Photo contributed by Sophie Khadraoui-Fortune
On Tuesday, Oct. 26, California Lutheran University held a breast cancer awareness one-day event. The event began on the spine from 11a.m. to 1p.m. and continued into the evening with a roundtable discussion webinar held via Zoom from 5p.m. to 6p.m. with 31 people in attendance.
Sophia Khadraoui-Fortune, assistant professor in the languages and culture department, is a breast cancer survivor and young advocate for the organization Living Beyond Breast Cancer. Khadraoui-Fortune said the turnout for the table on the spine had between 120 to 150 students.
“So we did a trivia with a spinning wheel, we had prizes, we also had a backdrop to take pictures. We also had some props with the living beyond breast cancer logo and some hashtags for students to be able to, yeah, to take pictures,” Khadraoui-Fortune said.
Khadraoui-Fortune said students also had the opportunity to write notes during the table-portion of the event on the spine to be distributed to cancer patients at Cedars Sinai hospital.
“I didn’t think that was gonna be popular. But actually, the writing notes to the cancer patients was actually super popular amongst students,” Khadraoui-Fortune said
Louise Kelly, associate professor in the Exercise Science department said she was approached by Khadraoui-Fortune to help participate in the roundtable discussion webinar by discussing research she has been working on.
“My passion since I, you know, started my PhD and afterwards is looking at preventing obesity and metabolic disorders in the pediatric population,” Kelly said.
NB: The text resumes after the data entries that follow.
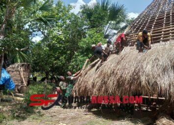 KODIM 1605/BELU, Anggota Satgaster Kodim 1605/Belu Pos Halibete II Serda Hironimus Kono bersama warga bahu membahu membantu dalam proses pengerjaan pengatapan rumah adat Suku Uma Alin di Dusun Lahurus...
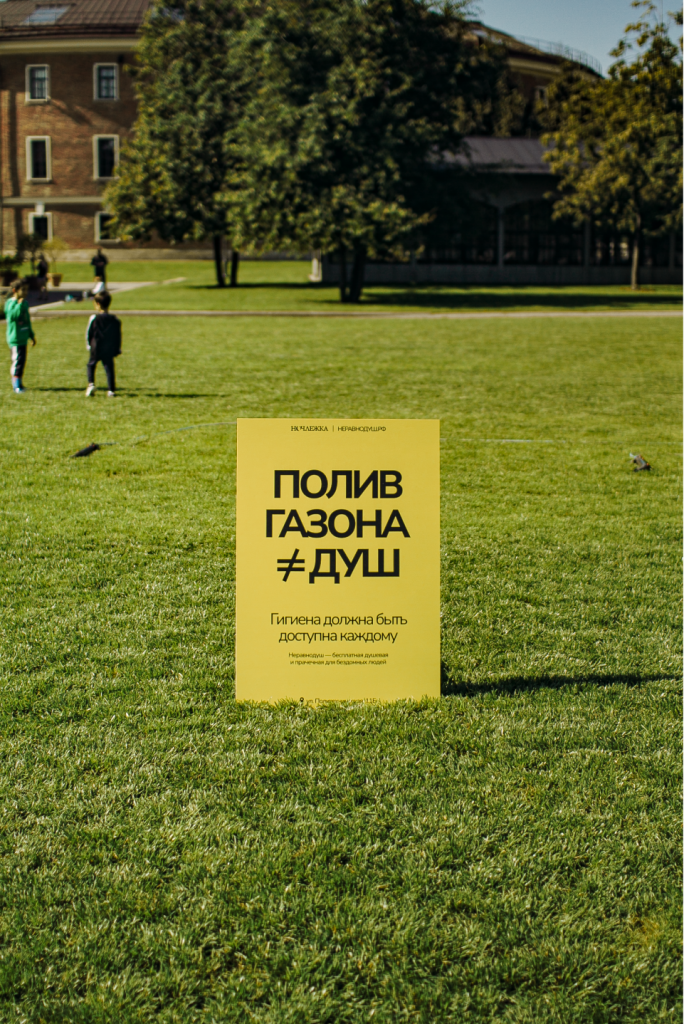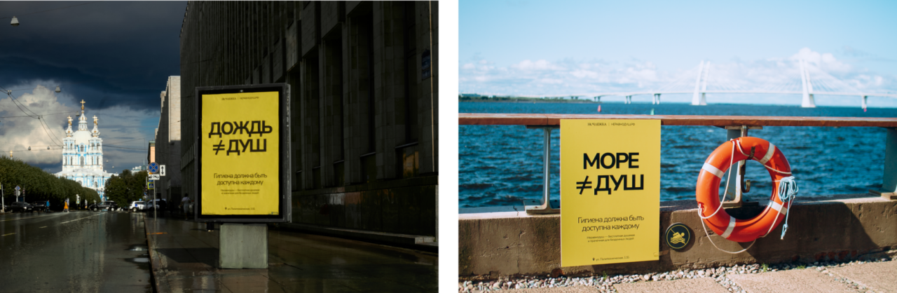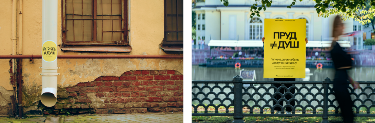 «Ночлежка» решила привлечь внимание к проблеме недоступности гигиены длябездомных. Компания разработала коллекцию табличек с очевидными сообщениями,которые содержат в себе абсурдные противопоставления: «Дождь не равно душ»,«Фонтан не равно душ», «Пруд не равно душ», «Море не равно душ».
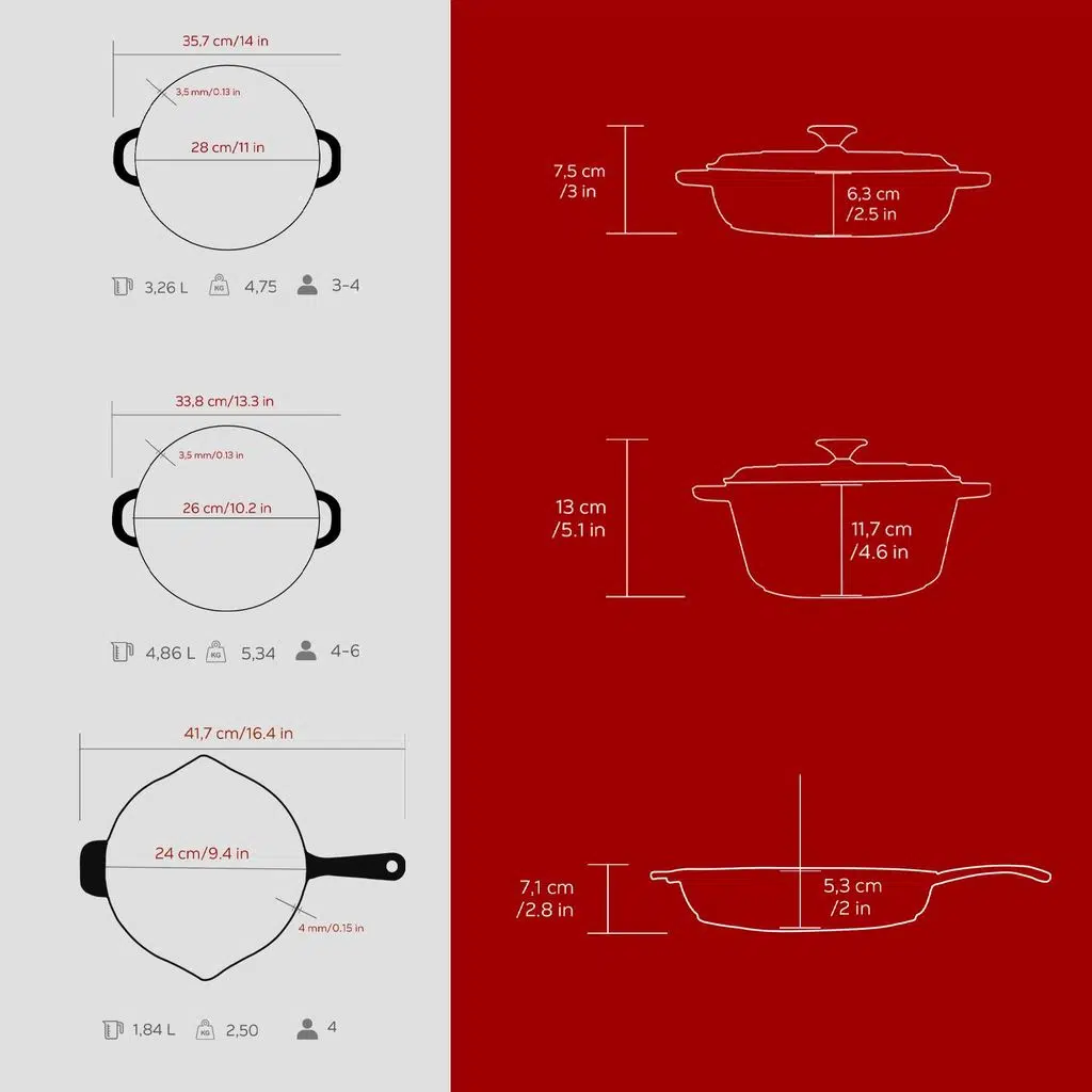 LAVA döküm demir emaye tencere ve tavalar yüksek yüzey sıcaklığında haşlama için olduğu kadar, geleneksel kısık ateştselame pişirme için de etkilidir, seçim sizin..

Kelly said she has helped lots of students get engaged within her research.
“And they get engaged in helping me collect the data, run the analysis and publications. So every student who works with me, my ultimate aim is for them to help [get them] published alongside me,” Kelly said.
Dru Pagliassotti, professor in the department of Communications, was a breast cancer survivor and was one of the speakers during the roundtable discussion webinar. They had made the decision to be open about having breast cancer from the time they found out they were diagnosed.
“I made a very clear decision that I wanted to talk to people about it, I wanted people to see me going through this. You know, I was hoping I would survive. You never know for sure,” Pagliassotti said. “But, you know, the prospects were pretty good. So yeah, that was an important goal for me, to be the education.”
Kelly said that breast cancer is something for males to also be made aware of and not to be “embarrassed or ashamed” since it can affect them just the same as females.
“So, you know, men also, particularly if they’re overweight, they need to do breast exams. After they find something, seek out medical assistance straightaway,” Kelly said.
Paliassotti said some of the best advice they could give is to have someone close to the individual who is diagnosed with cancer to help with the record keeping.
“It’s really helpful to have a friend or in the case of having a loved one who has cancer, being the friend, who can do that paperwork for people, keep track of appointments, keep track of payments, you know, deal with the insurance companies, all those sort of administrative tasks that are just really overwhelming when you’re when you’re going through cancer yourself,” Paliassotti said.
Khadraoui-Fortune said that one of the biggest takeaways from this event is that breast cancer is survivable, especially when caught in early stages, and self breast examinations can help save a life.
“Breast cancer does not discriminate by age, socioeconomic status or race, that every single woman has a risk. And that you know, the biggest take home is that we need to check regularly. We need to be familiar on how to do breast examinations,” Fortune said.